## Task directions
Taking the entries below, transcribe only the lines starting with the one with "Xylem Flojet Positive" and going on through the one with "В России установлен", exactly as written, without the pictures.

## Supplied records
◇ ◇ ◇ ◇
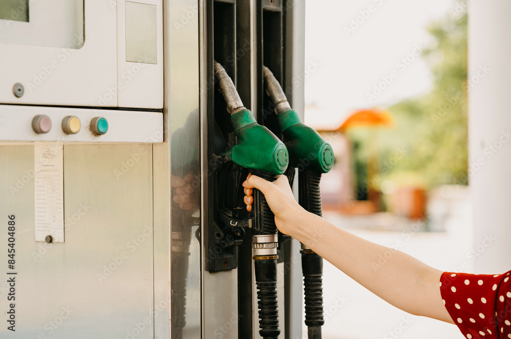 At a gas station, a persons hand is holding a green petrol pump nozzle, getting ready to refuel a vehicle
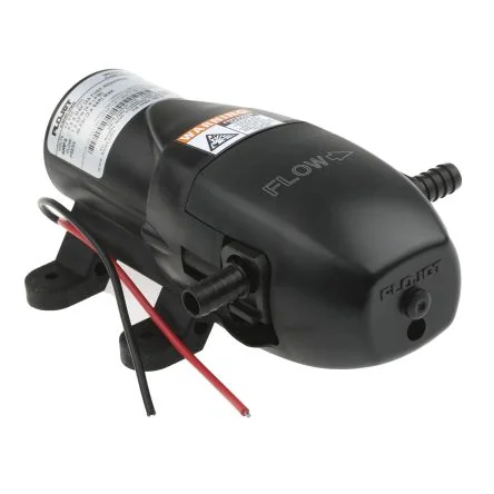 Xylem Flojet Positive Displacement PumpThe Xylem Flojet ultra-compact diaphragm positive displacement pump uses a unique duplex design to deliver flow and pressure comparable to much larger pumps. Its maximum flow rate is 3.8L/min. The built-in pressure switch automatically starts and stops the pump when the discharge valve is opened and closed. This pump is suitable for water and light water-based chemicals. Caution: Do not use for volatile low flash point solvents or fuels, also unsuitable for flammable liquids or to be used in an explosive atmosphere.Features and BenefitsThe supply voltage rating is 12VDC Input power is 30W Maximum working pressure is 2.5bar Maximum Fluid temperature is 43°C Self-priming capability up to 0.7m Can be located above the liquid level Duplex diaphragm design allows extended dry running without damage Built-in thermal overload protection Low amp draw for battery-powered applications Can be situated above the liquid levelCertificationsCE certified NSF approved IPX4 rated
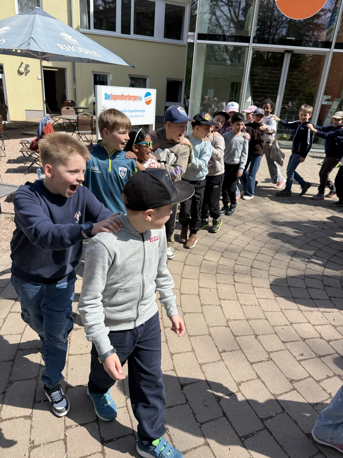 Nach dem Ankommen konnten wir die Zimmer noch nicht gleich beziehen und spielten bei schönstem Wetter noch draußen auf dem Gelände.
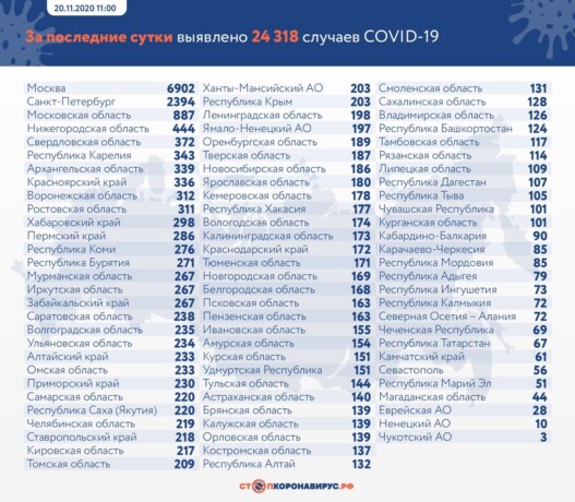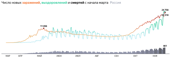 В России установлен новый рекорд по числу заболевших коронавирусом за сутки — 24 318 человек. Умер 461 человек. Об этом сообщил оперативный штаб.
◇ ◇ ◇ ◇
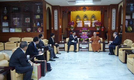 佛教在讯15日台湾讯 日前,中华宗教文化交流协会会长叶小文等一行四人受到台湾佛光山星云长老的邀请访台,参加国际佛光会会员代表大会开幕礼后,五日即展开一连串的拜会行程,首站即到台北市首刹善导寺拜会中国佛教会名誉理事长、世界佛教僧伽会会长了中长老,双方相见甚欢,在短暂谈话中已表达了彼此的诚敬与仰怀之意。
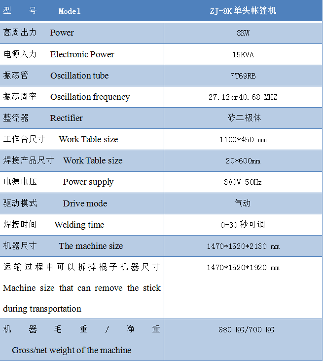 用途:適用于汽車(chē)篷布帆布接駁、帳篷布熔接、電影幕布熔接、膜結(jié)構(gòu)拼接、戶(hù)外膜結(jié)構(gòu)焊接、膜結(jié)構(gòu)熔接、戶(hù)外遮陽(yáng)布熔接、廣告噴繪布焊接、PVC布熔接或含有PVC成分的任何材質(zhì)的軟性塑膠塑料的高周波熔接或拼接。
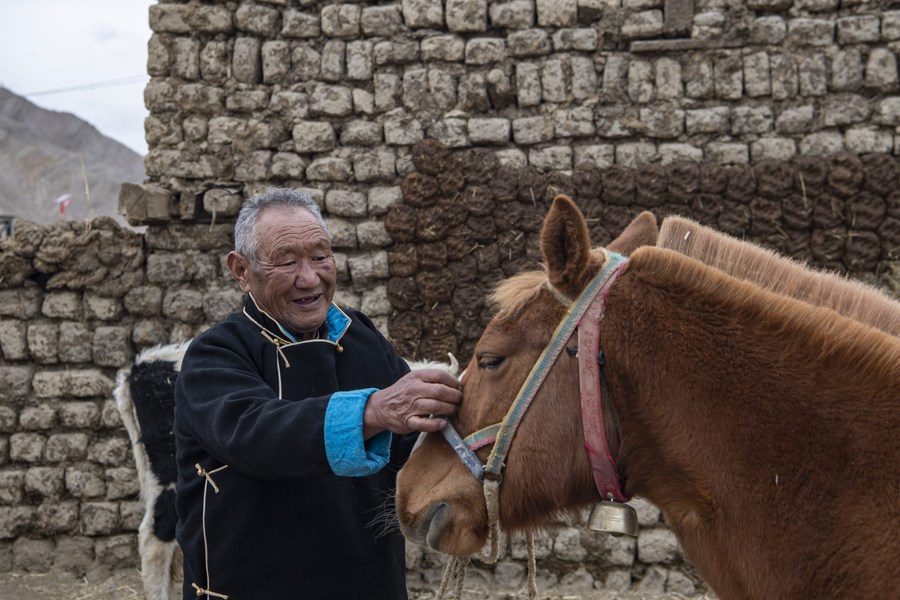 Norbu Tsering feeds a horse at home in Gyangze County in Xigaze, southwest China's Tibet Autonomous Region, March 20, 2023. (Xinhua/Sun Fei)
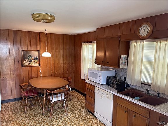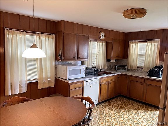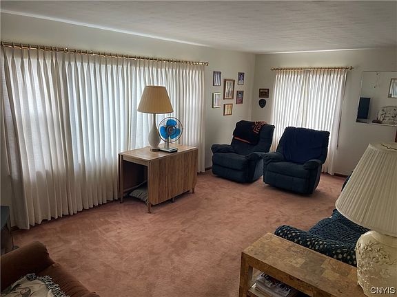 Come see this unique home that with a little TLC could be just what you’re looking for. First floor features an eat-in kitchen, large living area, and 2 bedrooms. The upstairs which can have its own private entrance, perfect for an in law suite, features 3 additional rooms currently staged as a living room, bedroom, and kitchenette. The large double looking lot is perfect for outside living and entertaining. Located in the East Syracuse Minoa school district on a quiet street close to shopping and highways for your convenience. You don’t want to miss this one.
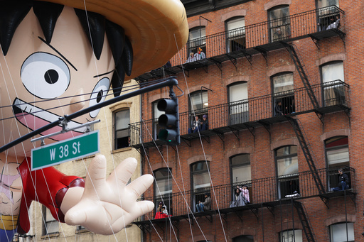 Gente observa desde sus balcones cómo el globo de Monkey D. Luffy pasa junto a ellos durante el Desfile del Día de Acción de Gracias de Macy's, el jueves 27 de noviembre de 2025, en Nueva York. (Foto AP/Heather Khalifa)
◇ ◇ ◇ ◇
## Problem solution
 Xylem Flojet Positive Displacement PumpThe Xylem Flojet ultra-compact diaphragm positive displacement pump uses a unique duplex design to deliver flow and pressure comparable to much larger pumps. Its maximum flow rate is 3.8L/min. The built-in pressure switch automatically starts and stops the pump when the discharge valve is opened and closed. This pump is suitable for water and light water-based chemicals. Caution: Do not use for volatile low flash point solvents or fuels, also unsuitable for flammable liquids or to be used in an explosive atmosphere.Features and BenefitsThe supply voltage rating is 12VDC Input power is 30W Maximum working pressure is 2.5bar Maximum Fluid temperature is 43°C Self-priming capability up to 0.7m Can be located above the liquid level Duplex diaphragm design allows extended dry running without damage Built-in thermal overload protection Low amp draw for battery-powered applications Can be situated above the liquid levelCertificationsCE certified NSF approved IPX4 rated
 Nach dem Ankommen konnten wir die Zimmer noch nicht gleich beziehen und spielten bei schönstem Wetter noch draußen auf dem Gelände.
 В России установлен новый рекорд по числу заболевших коронавирусом за сутки — 24 318 человек. Умер 461 человек. Об этом сообщил оперативный штаб.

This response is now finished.